You are given nine years of individual EPA data in csv format. The data files are not very large (each file is approx. 1 MB). Each yearly file contains thousands of vehicles along with their vital information and pollution testing records. Each file contains 42 columns, the details of which are given in the Data Dictionary document. Please note that the original data had more columns, and some of them were removed for the consistency purposes. The deleted columns also exist in the data dictionary and you are asked to ignore them while referring to the dictionary.
There are three sections to this case study: Merging and cleaning (20 points), Data Analysis (60 points), Visualization (20 points) totaling 100 points.
Important Note: Make sure to keep the three time periods separate for the following analysis, i.e. perform separate analysis for each of the time period separately.

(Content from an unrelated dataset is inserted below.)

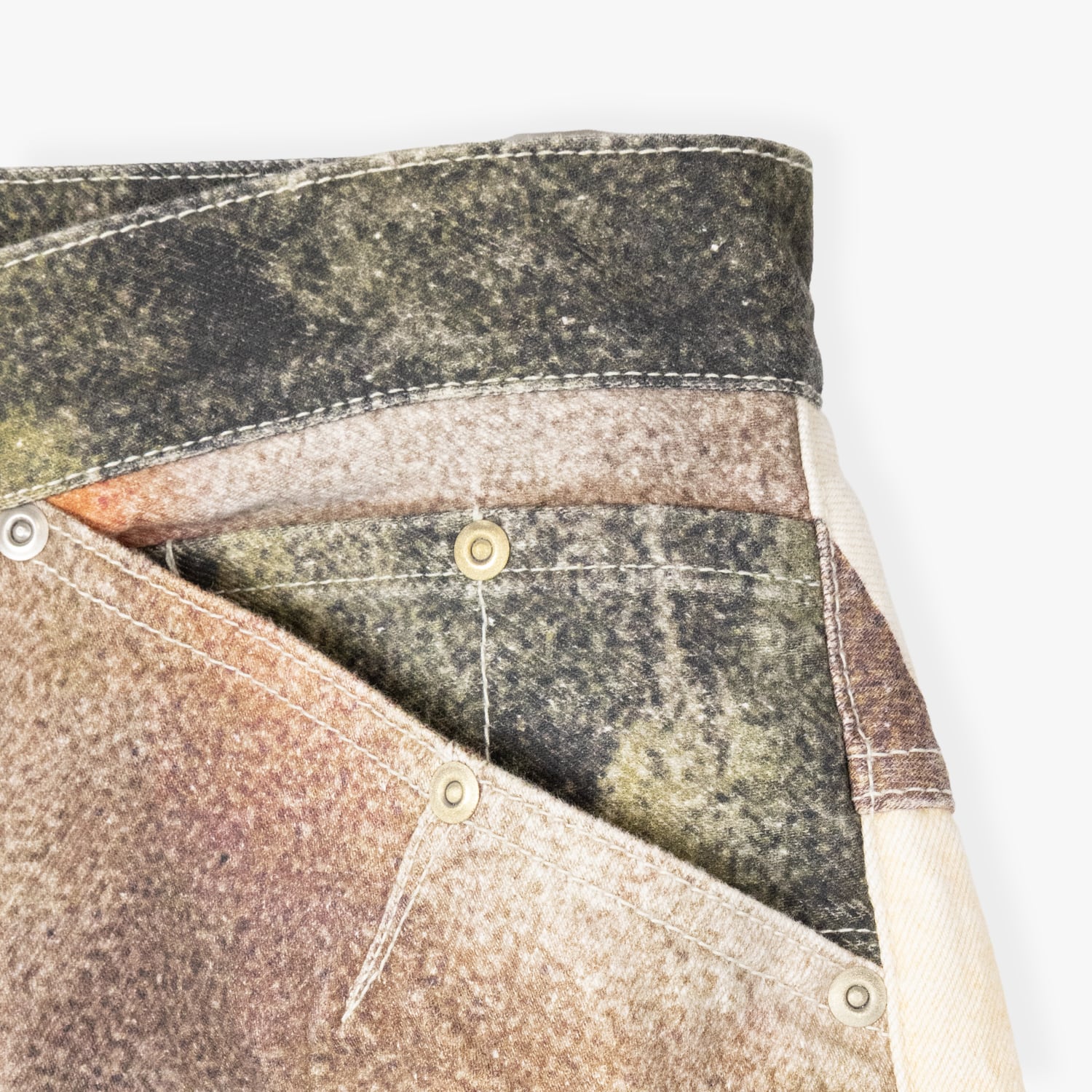 曲線的なステッチが特徴のダブルニーを採用し、ワークウェアの堅牢なディテールを取り入れつつ、グラフィックと相まってダイナミックな表情に仕上げています。

Merging and Cleaning (20 Points)
The first objective is to combine those files and stack them as three large files, one for each time period. Run basic EDA and descriptive statistics on some columns and clean any obvious outliers from each time period. Make sure that no more than 1% of the data are removed from within each time period in this process. Clearly write the details of outlier detection and descriptive analysis.
Analysis (60 Points)
This section is further broken down into two parts:
Part A: (30 points)
There are several numeric columns listed in the datasets.Use the tools of dimension reduction learnt during the course and condense the number of columns to smaller dimension for each time period separately.
Use the reduced dimensions to perform “grouping” of similar vehicles. Keep the number of groups between 5 and 8 for each time period. Clearly define groups based on their characteristics by running descriptive analytics on each group. Now compare the groups for the three time periods and point out any vehicles that jumped from one group to the other over time. Also explain what that jump means in your own words.